TASK TO COMPLETE
Provide a verbatim copy of all the records below, leaving the images out.

INPUT
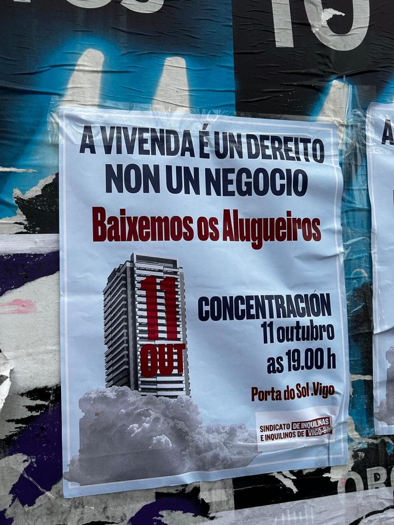 O pasado venres 11 de outubro, un nutrido grupo de persoas congregouse na Porta do Sol de Vigo para participar na manifestación organizada polo Sindicato de Inquilinas de Vigo. A mobilización tiña como obxectivo principal esixir ao goberno que adopte medidas efectivas para frear a escalada de prezos no mercado de alugueiros e impulsar a creación de vivenda pública accesible para toda a cidadanía.
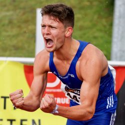 Die Bedingungen in Rostock waren alles andere als ideal, nicht nur der Dauerregen machte es den Athleten schwer. Der DLV hatte Zuschauer bei den Wettkämpfen ausgeschlossen, was für den Familien-Menschen Elija schon ein Problem war. Papa Patrick schaffte es gestern dennoch ins Stadion, konnte das furiose Rennen seines Sohnes live erleben und ihn anschließend gemeinsam mit Trainer Thomas Peucker in die Arme nehmen. Für Papa Patrick ein tolles Geschenk zum 21. Hochzeitstag.
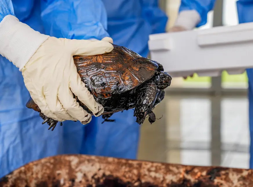 Ekiplerce, Dicle Yaban Hayvanı Kurtarma ve Rehabilitasyon Merkezi'ne getirilen kaplumbağaların üzerindeki zift, DKMP Diyarbakır Şube Müdürlüğünde yaban hayvanları üzerine çalışma yürüten veteriner hekim Kasım Ertürk ve Emre Yalçın tarafından temizlendi.
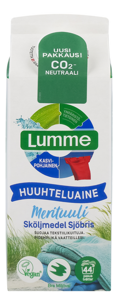 Lumme Huuhteluaine Merituuli suojaa tekstiilikuituja ja antaa pidemmän iän vaatteillesi. Tuotteessa on pehmeä ja miellyttävä merellinen tuoksu. Lumme-tuotteilla saat tehokasta puhtautta ympäristötietoisesti. Lumme-tuotteet sisältävät vain huolella valittuja ainesosia ympäristö huomioon ottaen. Lumme Huuhteluaine Merituuli täyttää Ruotsin luonnonsuojeluliiton korkeat ympäristövaatimukset ja on ympäristömerkitty Bra Miljöval -ympäristömerkillä. Kasvipohjainen - vegaani merkitty. Yhdestä pakkauksesta riittää 44 pesukertaan. Tuote on pakattu hiilineutraaliin kartonkipakkaukseen. Kierrätä pakkaus korkkeineen kartonkina.
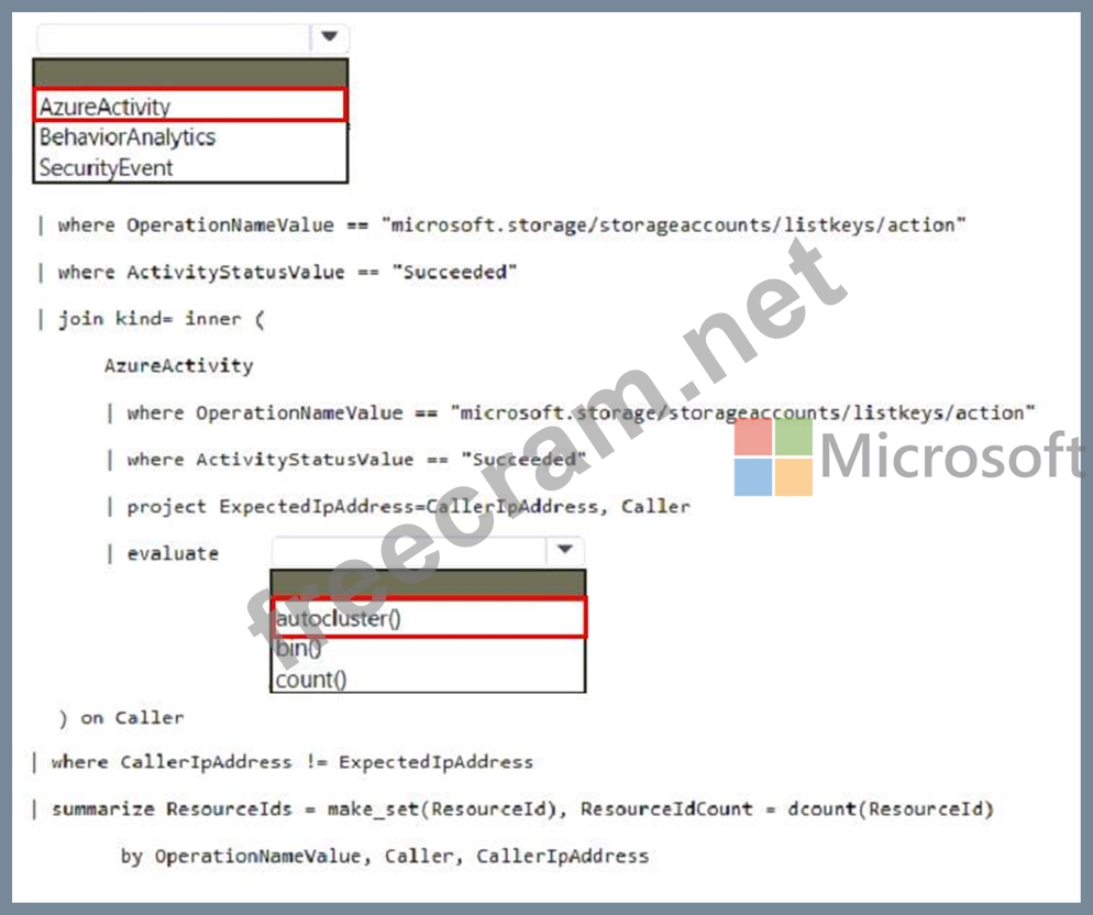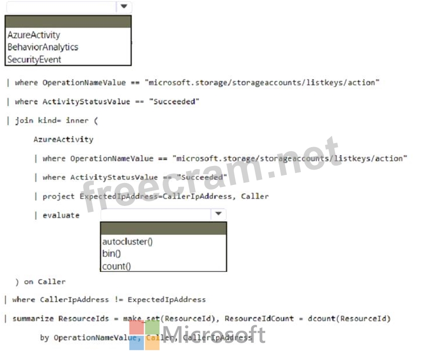You need to create a hunting query to identify users that list storage keys of multiple Azure Storage accounts. The solution must exclude users that list storage keys for a single storage account.
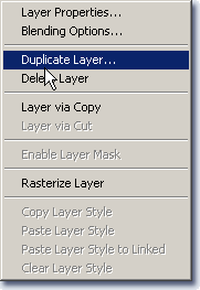 Rasterize layerFørst høyreklikket jeg laget (jeg kaster som kjent aldri noe, kan være at jeg får bruk for det en gang...), og valgte Duplicate Layer... Det nye laget døpte jeg Duplicate Raster i dialogboksen som kommer opp. Ønsker du å vite mer om forskjell på raster- og vektorgrafikk, har jeg en kort forklaring her.
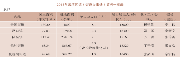 【概况】 2018年,云溪区辖2个镇、3个街道办事处,土地总面积435.18平方千米,耕地面积7533.48公顷。实现地区生产总值327亿元,增长7.6%;规模工业增加值(含2家央企)309亿元,增长8.9%;实现消费品零售总额27.66亿元,增长9.75%;完成固定资产投资67.74亿元,增长10.8%;财政总收入10.2亿元,增长8.3%,其中,税收收入占财政总收入和一般预算收入的比重93.5%、80.5%;城乡居民人均可支配收入37960元、19288元,分别增长8.4%、8%。三次产业比重优化为2.5∶74.3∶23.2。

RESPONSE TO THE EXERCISE
 O pasado venres 11 de outubro, un nutrido grupo de persoas congregouse na Porta do Sol de Vigo para participar na manifestación organizada polo Sindicato de Inquilinas de Vigo. A mobilización tiña como obxectivo principal esixir ao goberno que adopte medidas efectivas para frear a escalada de prezos no mercado de alugueiros e impulsar a creación de vivenda pública accesible para toda a cidadanía.
 Die Bedingungen in Rostock waren alles andere als ideal, nicht nur der Dauerregen machte es den Athleten schwer. Der DLV hatte Zuschauer bei den Wettkämpfen ausgeschlossen, was für den Familien-Menschen Elija schon ein Problem war. Papa Patrick schaffte es gestern dennoch ins Stadion, konnte das furiose Rennen seines Sohnes live erleben und ihn anschließend gemeinsam mit Trainer Thomas Peucker in die Arme nehmen. Für Papa Patrick ein tolles Geschenk zum 21. Hochzeitstag.
 Ekiplerce, Dicle Yaban Hayvanı Kurtarma ve Rehabilitasyon Merkezi'ne getirilen kaplumbağaların üzerindeki zift, DKMP Diyarbakır Şube Müdürlüğünde yaban hayvanları üzerine çalışma yürüten veteriner hekim Kasım Ertürk ve Emre Yalçın tarafından temizlendi.
 Lumme Huuhteluaine Merituuli suojaa tekstiilikuituja ja antaa pidemmän iän vaatteillesi. Tuotteessa on pehmeä ja miellyttävä merellinen tuoksu. Lumme-tuotteilla saat tehokasta puhtautta ympäristötietoisesti. Lumme-tuotteet sisältävät vain huolella valittuja ainesosia ympäristö huomioon ottaen. Lumme Huuhteluaine Merituuli täyttää Ruotsin luonnonsuojeluliiton korkeat ympäristövaatimukset ja on ympäristömerkitty Bra Miljöval -ympäristömerkillä. Kasvipohjainen - vegaani merkitty. Yhdestä pakkauksesta riittää 44 pesukertaan. Tuote on pakattu hiilineutraaliin kartonkipakkaukseen. Kierrätä pakkaus korkkeineen kartonkina.
You need to create a hunting query to identify users that list storage keys of multiple Azure Storage accounts. The solution must exclude users that list storage keys for a single storage account.
 Rasterize layerFørst høyreklikket jeg laget (jeg kaster som kjent aldri noe, kan være at jeg får bruk for det en gang...), og valgte Duplicate Layer... Det nye laget døpte jeg Duplicate Raster i dialogboksen som kommer opp. Ønsker du å vite mer om forskjell på raster- og vektorgrafikk, har jeg en kort forklaring her.
 【概况】 2018年,云溪区辖2个镇、3个街道办事处,土地总面积435.18平方千米,耕地面积7533.48公顷。实现地区生产总值327亿元,增长7.6%;规模工业增加值(含2家央企)309亿元,增长8.9%;实现消费品零售总额27.66亿元,增长9.75%;完成固定资产投资67.74亿元,增长10.8%;财政总收入10.2亿元,增长8.3%,其中,税收收入占财政总收入和一般预算收入的比重93.5%、80.5%;城乡居民人均可支配收入37960元、19288元,分别增长8.4%、8%。三次产业比重优化为2.5∶74.3∶23.2。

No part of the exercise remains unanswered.